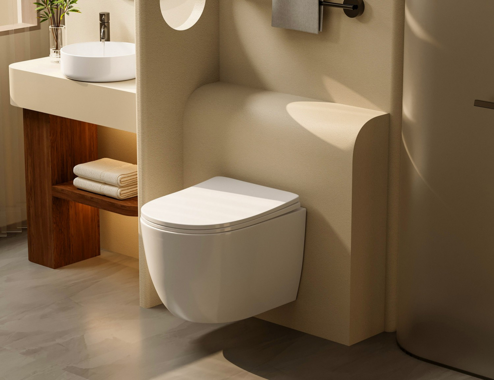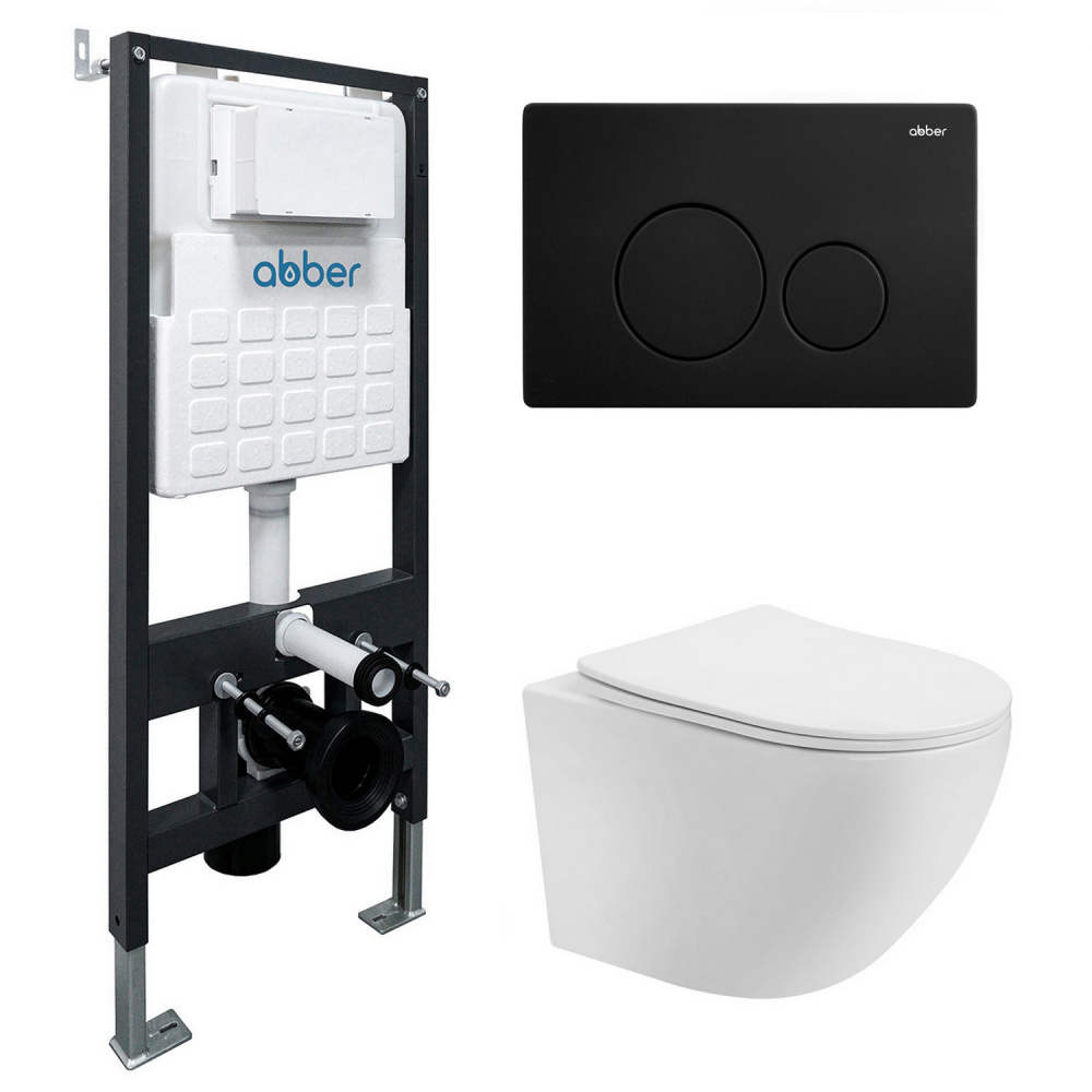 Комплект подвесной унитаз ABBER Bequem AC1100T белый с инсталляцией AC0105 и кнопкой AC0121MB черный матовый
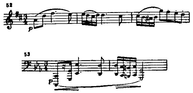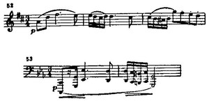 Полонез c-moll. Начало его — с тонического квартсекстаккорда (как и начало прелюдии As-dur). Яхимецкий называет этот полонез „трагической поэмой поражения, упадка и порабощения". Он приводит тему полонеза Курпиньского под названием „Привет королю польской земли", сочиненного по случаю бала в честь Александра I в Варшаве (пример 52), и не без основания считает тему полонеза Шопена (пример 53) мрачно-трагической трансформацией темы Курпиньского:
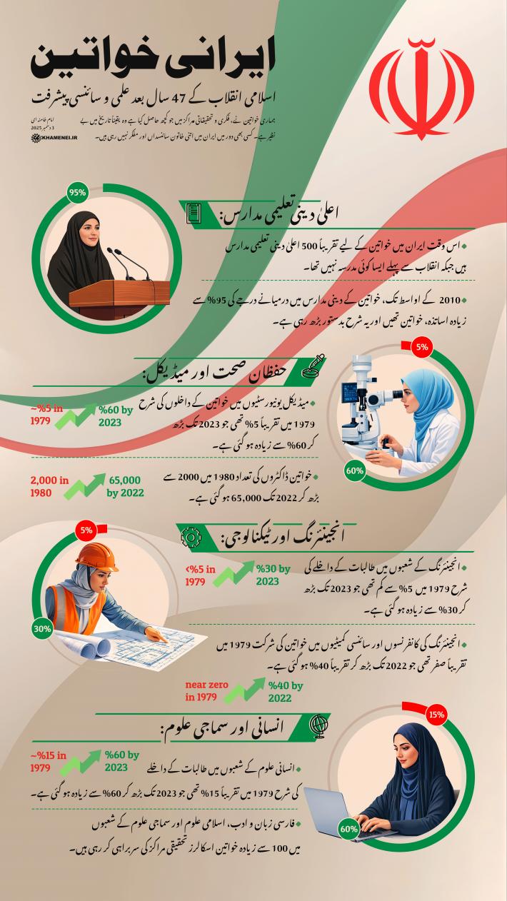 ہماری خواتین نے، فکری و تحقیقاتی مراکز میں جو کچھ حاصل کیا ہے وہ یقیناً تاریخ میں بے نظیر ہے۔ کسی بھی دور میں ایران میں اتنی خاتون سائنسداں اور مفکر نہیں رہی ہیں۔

---+---

**The problem**. The line containing "Полонез c-moll. Начало" marks the start: set down exactly that line and every line after it through the last line of the data, without any pictures.

**Result below**.
 Полонез c-moll. Начало его — с тонического квартсекстаккорда (как и начало прелюдии As-dur). Яхимецкий называет этот полонез „трагической поэмой поражения, упадка и порабощения". Он приводит тему полонеза Курпиньского под названием „Привет королю польской земли", сочиненного по случаю бала в честь Александра I в Варшаве (пример 52), и не без основания считает тему полонеза Шопена (пример 53) мрачно-трагической трансформацией темы Курпиньского:
 ہماری خواتین نے، فکری و تحقیقاتی مراکز میں جو کچھ حاصل کیا ہے وہ یقیناً تاریخ میں بے نظیر ہے۔ کسی بھی دور میں ایران میں اتنی خاتون سائنسداں اور مفکر نہیں رہی ہیں۔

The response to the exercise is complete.